Project Instructions

Come back to these instructions from time to time since we’ll update them as questions arise.

Back to the Project - 2024 Spring (AI5308/AI4005)


Goal

Your goal is to build a compelling ML-powered application. Users, who are not part of your team, should be able to interact with your application. You’ll be giving a live demo of your application at the end of the semester. The demos will be evaluated by diverse participants including your colleagues. The milestones and reports will be evaluated by course staff.

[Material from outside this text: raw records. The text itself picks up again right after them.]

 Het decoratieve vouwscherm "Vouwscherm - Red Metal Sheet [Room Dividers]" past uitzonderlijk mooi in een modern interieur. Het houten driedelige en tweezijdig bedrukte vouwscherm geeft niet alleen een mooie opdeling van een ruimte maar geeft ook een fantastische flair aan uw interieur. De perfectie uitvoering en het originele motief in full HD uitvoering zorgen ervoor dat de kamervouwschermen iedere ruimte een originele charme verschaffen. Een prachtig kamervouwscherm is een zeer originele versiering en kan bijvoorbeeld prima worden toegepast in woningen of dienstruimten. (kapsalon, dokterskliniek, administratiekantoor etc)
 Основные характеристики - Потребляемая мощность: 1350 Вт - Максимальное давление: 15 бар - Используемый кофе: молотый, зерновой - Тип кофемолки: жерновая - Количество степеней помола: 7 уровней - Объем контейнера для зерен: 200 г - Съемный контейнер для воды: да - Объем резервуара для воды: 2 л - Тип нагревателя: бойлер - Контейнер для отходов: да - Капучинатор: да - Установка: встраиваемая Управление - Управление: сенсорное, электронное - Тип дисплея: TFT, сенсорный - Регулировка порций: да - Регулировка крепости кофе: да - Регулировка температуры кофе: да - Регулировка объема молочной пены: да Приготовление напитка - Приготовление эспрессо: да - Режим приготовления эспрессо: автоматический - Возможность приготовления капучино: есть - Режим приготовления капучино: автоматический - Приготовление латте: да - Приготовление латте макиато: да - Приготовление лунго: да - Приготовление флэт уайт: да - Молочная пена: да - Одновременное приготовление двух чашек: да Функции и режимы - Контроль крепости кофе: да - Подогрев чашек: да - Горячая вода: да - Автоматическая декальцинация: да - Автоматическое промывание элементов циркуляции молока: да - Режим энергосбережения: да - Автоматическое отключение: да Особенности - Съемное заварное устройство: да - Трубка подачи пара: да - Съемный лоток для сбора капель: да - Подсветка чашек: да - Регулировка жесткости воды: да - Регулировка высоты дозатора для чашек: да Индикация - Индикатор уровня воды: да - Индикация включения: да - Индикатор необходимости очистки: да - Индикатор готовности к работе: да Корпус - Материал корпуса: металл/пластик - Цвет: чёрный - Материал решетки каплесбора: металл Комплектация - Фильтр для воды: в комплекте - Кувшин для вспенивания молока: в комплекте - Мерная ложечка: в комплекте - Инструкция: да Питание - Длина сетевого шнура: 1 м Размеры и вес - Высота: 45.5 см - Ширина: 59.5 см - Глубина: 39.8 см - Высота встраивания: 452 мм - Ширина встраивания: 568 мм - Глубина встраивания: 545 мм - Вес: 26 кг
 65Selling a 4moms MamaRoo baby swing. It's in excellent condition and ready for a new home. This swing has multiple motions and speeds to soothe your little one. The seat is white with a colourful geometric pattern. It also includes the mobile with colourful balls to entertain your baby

You are not required to build a market-ready product, e.g. it doesn’t have to be able to serve 1000s of requests at the same time or have a flawless user interface. However, we do expect a functioning prototype that captures the essence of the problem you set out to solve. For example, if you want to build an application to detect household amenities in an image, users should be able to upload a photo and get back a list of objects in that image.


Process

In general, you can follow the four-step process.

Step #1: Brainstorm

Brainstorm an application that you’d like to build. You’re free to pick absolutely anything as long as at least one of its features is powered by machine learning models.

You can make your project novel by adapting a popular idea for a niche market. For example, image classification is a common task but how about using image classification to detect whether a house plant needs more water?

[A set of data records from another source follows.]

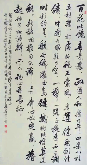西安市長安文化研究會副會長閻靖元先生曾作《李二幸書美初賞》詩,贊曰:“剛如鐵石柔如水,芳若雅蘭艷若梅。旁逸斜出不失矩,縱橫捭闔總有規。妙筆走龍錐奇景,硯田墨海起風雷。長安書林藏宿將,偶得齋主書象美。”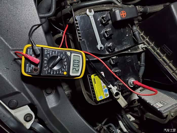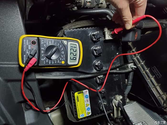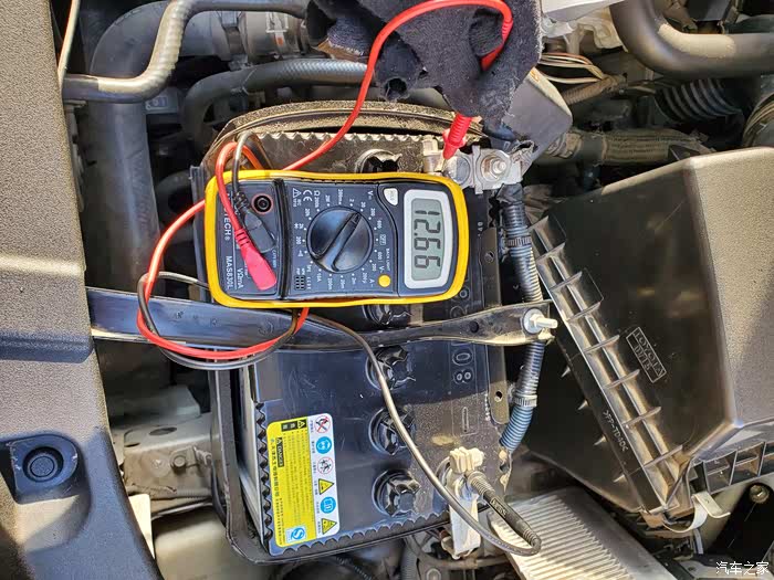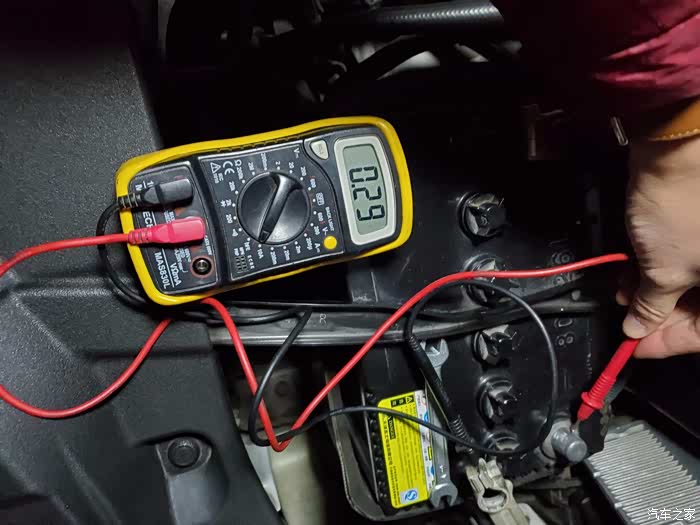拆之前测试的电压,这是两天没有发动了,室外温度0度左右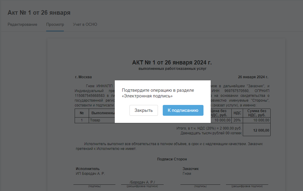 Далее вам необходимо подтвердить отправку. На настроенном рабочем месте необходимо подписать отправляемый документ в разделе «Электронная подпись»: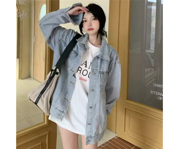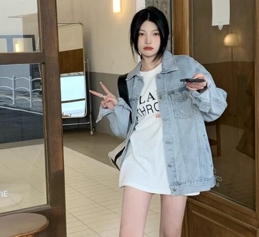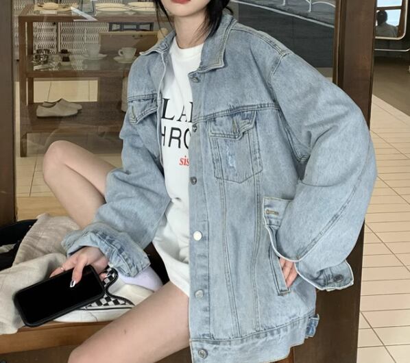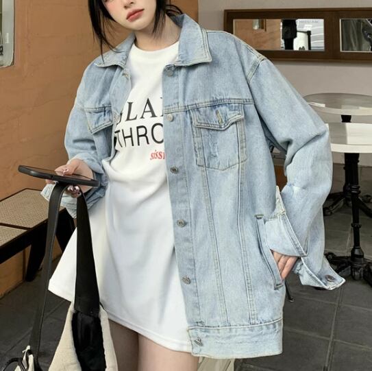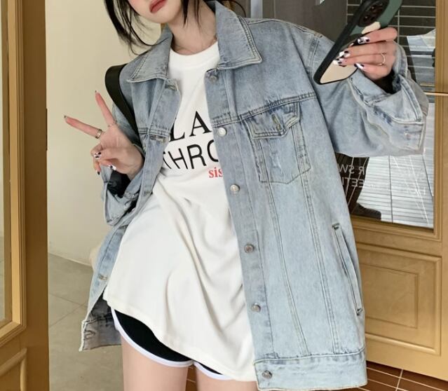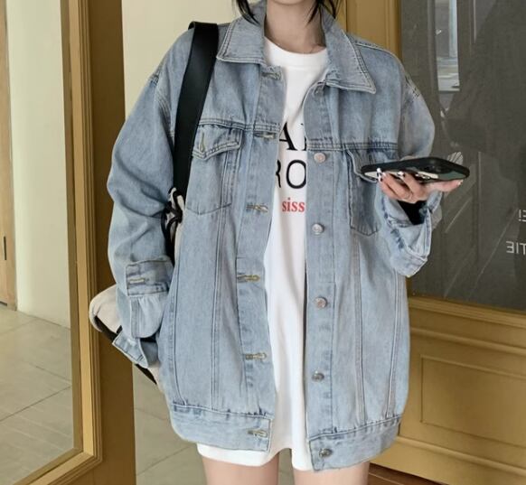 淡いライトブルーの色味がおしゃれなオーバーサイズのデニムジャケット。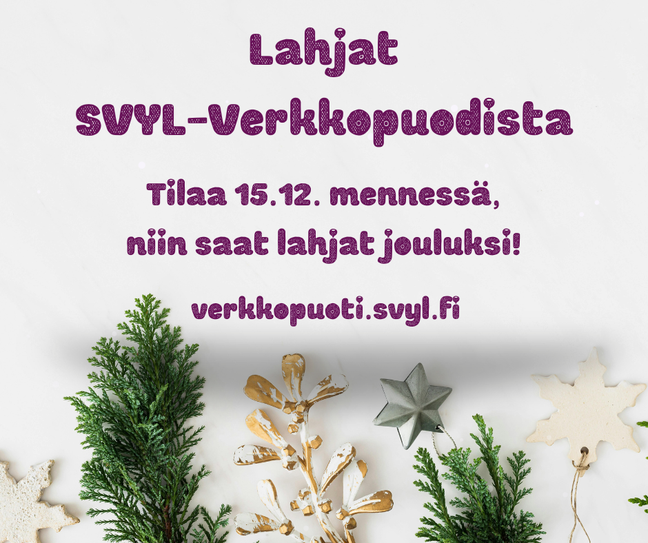 Kun tilaat lahjat SVYL-Verkkopuodista viimeistään maanantaina 15.12., ehtivät ne jouluksi perille!

You can also adapt a common problem for a new medium, such as a Chrome extension, a VSCode extension, a Spotify app, or a Discord/Slack bot.

Step #2: MVP - Minimum Viable Product

Once you know what you want to build, figure out how you’ll get to an MVP. That means:

  • starting with a very, very simple model (which can be a bunch of if/else or a logistic regression model) hooking everything up end-to-end to have the application up and running
  • validating that your data is useful
  • validating that your pipeline is correct and debuggable
  • validating that the application you want to build is feasible. Establish feasibility early.

Tips:

  • Don’t be afraid of drawing out diagrams to help with designing your system and user interface.
  • Prototype and build out parts of the pipeline, use mock-ups and/or dummy methods if you need to.
  • Don’t obsess over any part of the pipeline yet, but focus on your system as a whole.

Step #3: Iterate

Once you have a working MVP, iterate on it until you get a better application. Some ideas for iteration:

  • more data
  • better data
  • more data preprocessing
  • more features
  • different model architectures
  • different loss functions
  • hyperparameter tuning
  • ensemble

One quick rule of thumb is 20% of time on MVP, 80% of time in iteration.

Step #4: Polish

Spend time thinking about how to improve the user’s experience. This will be important to your demo.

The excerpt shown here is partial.